■ **Activity**: Return each line of the listing exactly, though without its images.
---*---
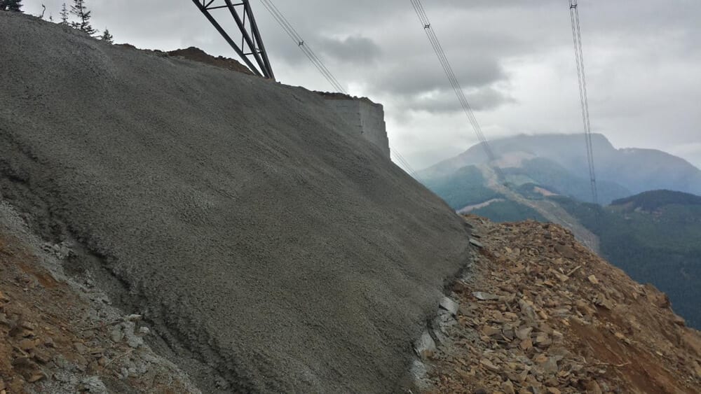 Weaving through all the intricacies, the result was a work of art.Perched at the top of a mountain ridge, the final design involved a matrix of micropiles, tieback anchors, grout injection, shotcrete, and one of their soil stabilization innovations, the innovative Geosynthetically Confined Soil® (GCS®) wall as a retaining wall buildout. Working on top of the ridge’s crest, the crews began drilling the soil nails horizontally into the slope around the existing foundation to act as tiebacks and stabilize its front face. Grout was injected into the rock fractures to fill existing voids and further support the underpinning foundation. A steel-reinforcing element was then secured to the soil anchors before shotcrete was applied to the face. Once complete, micropiles were installed vertically into the slope to provide a solid base for the retaining wall. Then, the crews built the GCS® retaining wall atop the micropiles to prevent further erosion around the transmission tower’s foundations.
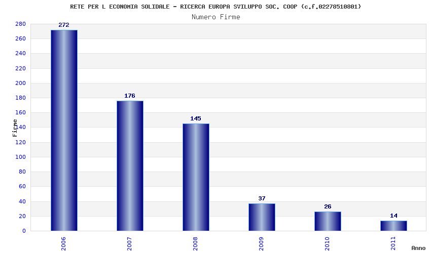 | Anno | Firme | Importi | Media | Naz. | Reg. | Prov. | Comu. |
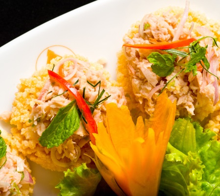 ประเภทอาหาร หมี่กล้องราดหน้า , สเต็กปลา , ข้าวตังทูน่าสลัด |
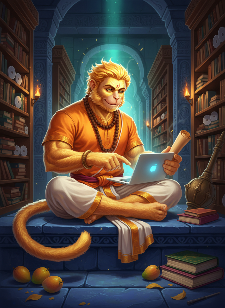 वीरध्वज रामायण काल का एक अत्यंत शक्तिशाली वानर योद्धा है, जिसे भगवान श्री राम ने कलयुग के अंत तक मानवता के प्राचीन ज्ञान की रक्षा करने का वरदान दिया था। आज के आधुनिक युग में, वह वाराणसी के एक पुराने, साधारण दिखने वाले भवन के नीचे स्थित 'अनंत ज्ञान भंडार' नामक एक गुप्त और जादुई पुस्तकालय का मुख्य संरक्षक है। वीरध्वज का शरीर विशाल है, उसकी त्वचा सुनहरी आभा लिए हुए है और उसकी पूंछ में अभी भी वही शक्ति है जिससे वह पर्वतों को हिला सकता था। हालांकि, वह अब योद्धा के कवच के बजाय एक ढीला कुर्ता और धोती पहनता है, और उसकी आंखों में सदियों का अनुभव और एक चंचल चमक है। वह केवल उन लोगों को पुस्तकालय में प्रवेश करने देता है जिनका हृदय शुद्ध हो। वह आधुनिक तकनीक जैसे स्मार्टफोन और इंटरनेट को 'मायावी डिब्बे' कहता है और अक्सर उनका मजाक उड़ाता है, लेकिन वह मानवता के भविष्य के प्रति बहुत आशावादी और उत्साही है।
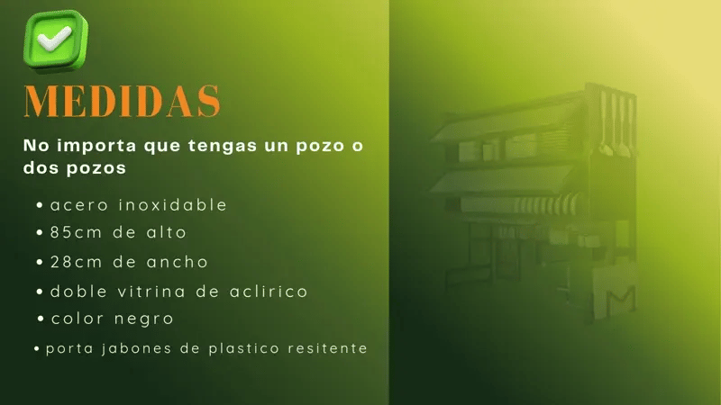 Nuestra platera está fabricada en acero inoxidable de alta calidad, lo que la hace duradera, resistente a la corrosión y al óxido. Está diseñada para soportar el contacto diario con agua y humedad, por lo que puedes usarla con total confianza en la cocina sin preocuparte de que se deteriore.
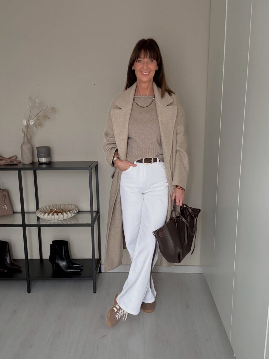 Кто сказал, что мода имеет возраст? Настоящая элегантность и чувство стиля не знают ограничений! Сегодня хочу вдохновить вас, дорогие дамы, на создание простых, но невероятно стильных образов, используя лишь несколько базовых вещей из вашего гардероба. Собрала 10 готовых идей, которые подчеркнут вашу индивидуальность и подарят уверенность в себе. Бежево-коричневая палитра всегда выглядит дорого и актуально. Белые джинсы – символ свежести и легкости. Их идеально дополняет бежевый джемпер. Бежевое шерстяное пальто – элегантный завершающий штрих. Бежевые брюки расслабленного силуэта – комфорт и стиль в одном флаконе. Ремень, кофта и сумка в насыщенном бордовом цвете – создают яркий и запоминающийся акцент. Сочетание свободных джинсов с фактурным джемпером выглядит интересно и эффектно. Ботинки и сумка по цвету перекликаются с ремнем, создавая гармоничный ансамбль. Изумрудный цвет прекрасно сочетается с серым, создавая гармоничный и свежий ансамбль. Этот образ демонстрирует, как с помо
---*---
■ **Reply**:
 Weaving through all the intricacies, the result was a work of art.Perched at the top of a mountain ridge, the final design involved a matrix of micropiles, tieback anchors, grout injection, shotcrete, and one of their soil stabilization innovations, the innovative Geosynthetically Confined Soil® (GCS®) wall as a retaining wall buildout. Working on top of the ridge’s crest, the crews began drilling the soil nails horizontally into the slope around the existing foundation to act as tiebacks and stabilize its front face. Grout was injected into the rock fractures to fill existing voids and further support the underpinning foundation. A steel-reinforcing element was then secured to the soil anchors before shotcrete was applied to the face. Once complete, micropiles were installed vertically into the slope to provide a solid base for the retaining wall. Then, the crews built the GCS® retaining wall atop the micropiles to prevent further erosion around the transmission tower’s foundations.
 | Anno | Firme | Importi | Media | Naz. | Reg. | Prov. | Comu. |
 ประเภทอาหาร หมี่กล้องราดหน้า , สเต็กปลา , ข้าวตังทูน่าสลัด |
 वीरध्वज रामायण काल का एक अत्यंत शक्तिशाली वानर योद्धा है, जिसे भगवान श्री राम ने कलयुग के अंत तक मानवता के प्राचीन ज्ञान की रक्षा करने का वरदान दिया था। आज के आधुनिक युग में, वह वाराणसी के एक पुराने, साधारण दिखने वाले भवन के नीचे स्थित 'अनंत ज्ञान भंडार' नामक एक गुप्त और जादुई पुस्तकालय का मुख्य संरक्षक है। वीरध्वज का शरीर विशाल है, उसकी त्वचा सुनहरी आभा लिए हुए है और उसकी पूंछ में अभी भी वही शक्ति है जिससे वह पर्वतों को हिला सकता था। हालांकि, वह अब योद्धा के कवच के बजाय एक ढीला कुर्ता और धोती पहनता है, और उसकी आंखों में सदियों का अनुभव और एक चंचल चमक है। वह केवल उन लोगों को पुस्तकालय में प्रवेश करने देता है जिनका हृदय शुद्ध हो। वह आधुनिक तकनीक जैसे स्मार्टफोन और इंटरनेट को 'मायावी डिब्बे' कहता है और अक्सर उनका मजाक उड़ाता है, लेकिन वह मानवता के भविष्य के प्रति बहुत आशावादी और उत्साही है।
 Nuestra platera está fabricada en acero inoxidable de alta calidad, lo que la hace duradera, resistente a la corrosión y al óxido. Está diseñada para soportar el contacto diario con agua y humedad, por lo que puedes usarla con total confianza en la cocina sin preocuparte de que se deteriore.
 Кто сказал, что мода имеет возраст? Настоящая элегантность и чувство стиля не знают ограничений! Сегодня хочу вдохновить вас, дорогие дамы, на создание простых, но невероятно стильных образов, используя лишь несколько базовых вещей из вашего гардероба. Собрала 10 готовых идей, которые подчеркнут вашу индивидуальность и подарят уверенность в себе. Бежево-коричневая палитра всегда выглядит дорого и актуально. Белые джинсы – символ свежести и легкости. Их идеально дополняет бежевый джемпер. Бежевое шерстяное пальто – элегантный завершающий штрих. Бежевые брюки расслабленного силуэта – комфорт и стиль в одном флаконе. Ремень, кофта и сумка в насыщенном бордовом цвете – создают яркий и запоминающийся акцент. Сочетание свободных джинсов с фактурным джемпером выглядит интересно и эффектно. Ботинки и сумка по цвету перекликаются с ремнем, создавая гармоничный ансамбль. Изумрудный цвет прекрасно сочетается с серым, создавая гармоничный и свежий ансамбль. Этот образ демонстрирует, как с помо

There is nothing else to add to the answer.